04 October 2023 by Giannis Polyzos

Introduction

Since its inception, Apache Flink has undergone significant evolution. Today, it not only serves as a unified engine for both batch and streaming data processing but also paves the way toward a new era of streaming data warehouses.

Apache Flink has the concept of Dynamic Tables, which bear resemblance to materialized views in databases. However, unlike materialized views, Dynamic Tables are not directly queryable. Recognizing the need to support querying of intermediate tables, progress towards streaming warehouses, and broaden the horizons for data teams, the community proposed FLIP-188: Introduce Built-in Dynamic Table Storage.

This initiative subsequently evolved into what is now known as Apache Paimon.

Why Apache Paimon?

The idea is simple yet powerful; Provide Apache Flink with a storage layer that leverages a table format, so intermediate data in dynamic tables is directly accessible. This storage design, known as the Lakehouse paradigm, is not new and is already established in the industry. It combines the flexibility and scalability of data lakes on cheap storage like S3 with the optimization and structured queries data warehouses offer. Technologies like Apache Iceberg, Delta Lake, and Apache Hudi already provide that.

So why create a new project from scratch? The vision was clear and a solution was needed that would be a good fit for high-speed data ingestion, fast analytical queries, strong upsert support, and a strong integration with Flink and Flink CDC. Flink needed to be a first-class citizen to unlock its full potential. The community evaluated solutions already established in the industry, like Apache Iceberg and Apache Hudi, but there were a few limitations in order for them to be used as the streaming storage layer for Flink. Going through the details is beyond the scope of this blog post.

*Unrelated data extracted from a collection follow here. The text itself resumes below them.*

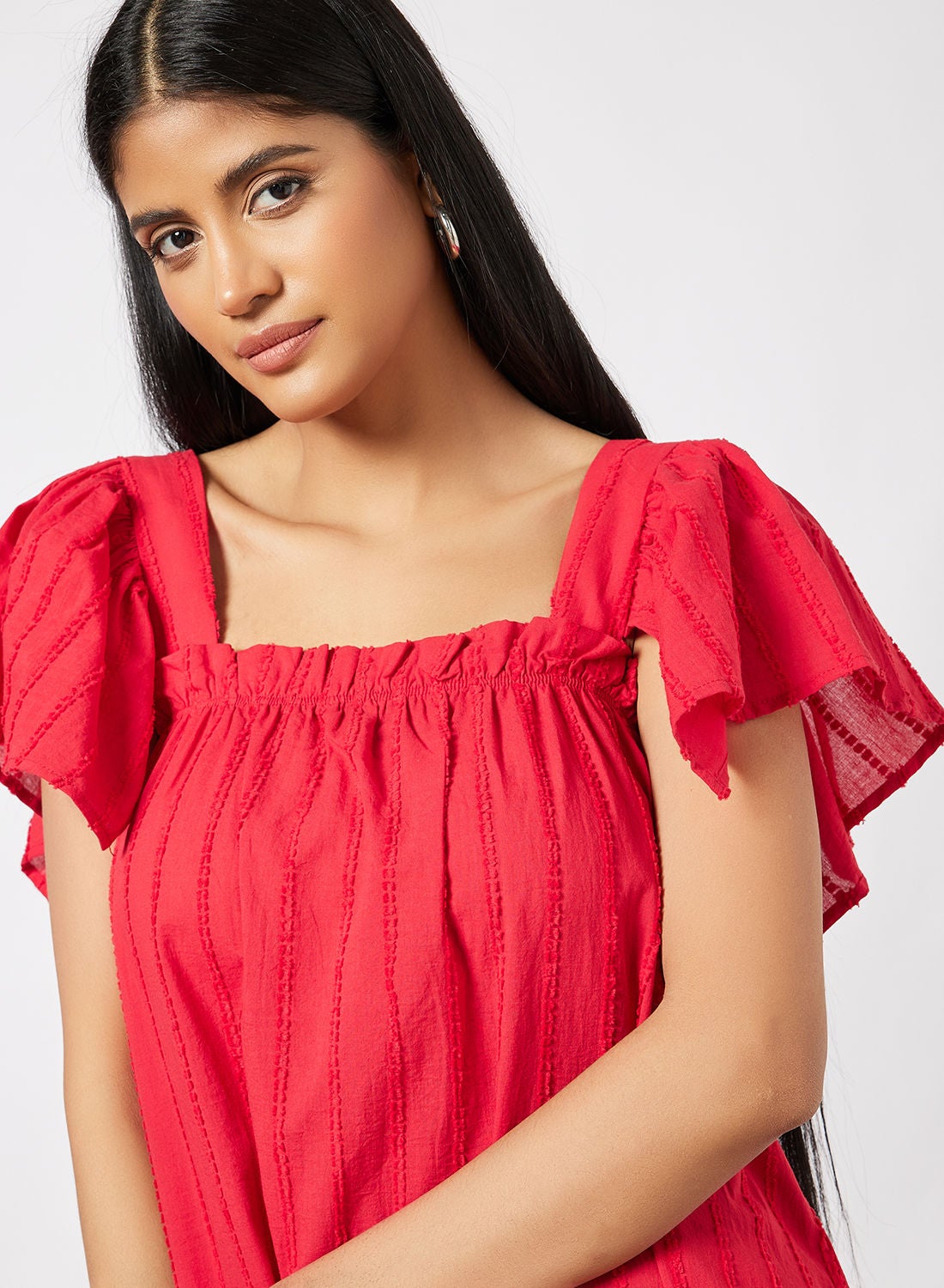 This product is a part of Mango’s Committed collection and is made of textured and comfortable cotton fabric. It features an all-over embroidered pattern, square neck, and short, flared sleeves. The relaxed fit and midi length make it a comfortable and stylish choice. Please follow the care label instructions when washing. The model is approximately 180cm tall and is wearing a size S.
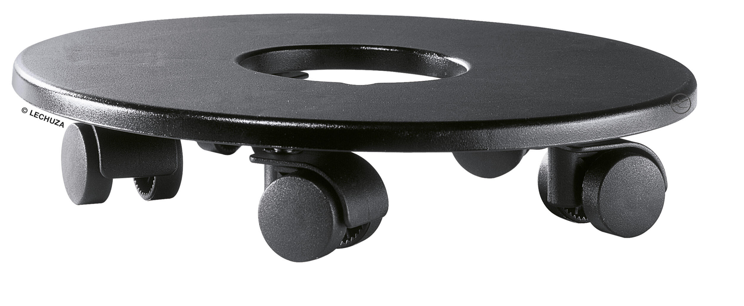 Support pot avec roulette LECHUZA Classico/quadro rond noir, H.5.8 x l.26 cm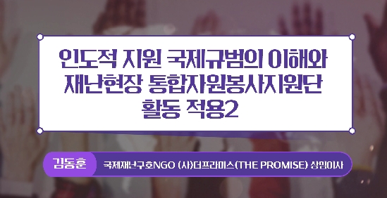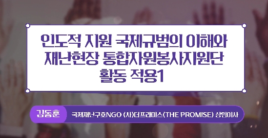 인도적 지원 국제규범의 이해와 재난현장 통합자원봉사지원단 활동 적용 | 1편 | 김동훈 국제재난구호NGO (사)더프라미스 상임이사

Still, with these challenges in mind, Flink Table Store was born under the Apache Flink project umbrella and later became its own project, entering the Apache Incubator as Apache Paimon.

If you look into the official documentation, you will see the following about Paimon.

A streaming data lake platform that supports:

high-speed data ingestion
change data tracking
and efficient real-time analytics

Paimon offers the following core capabilities:

Unified Batch & Streaming: Paimon supports batch read and writes, as well as streaming write changes and streaming read table changelogs.
Data Lake: As a data lake storage, Paimon has the following advantages: low cost, high reliability, and scalable metadata.
Merge Engines: Paimon supports rich Merge Engines. By default, the last entry of the primary key is reserved. You can also use the “partial-update” or “aggregation” engines.
Changelog producer: Paimon supports rich Changelog producers, such as “lookup” and “full-compaction”. The correct changelog can simplify the construction of a streaming pipeline.
Append Only Tables: Paimon supports Append Only tables, automatically compacts small files, and provides orderly stream reading. You can use this to replace message queues.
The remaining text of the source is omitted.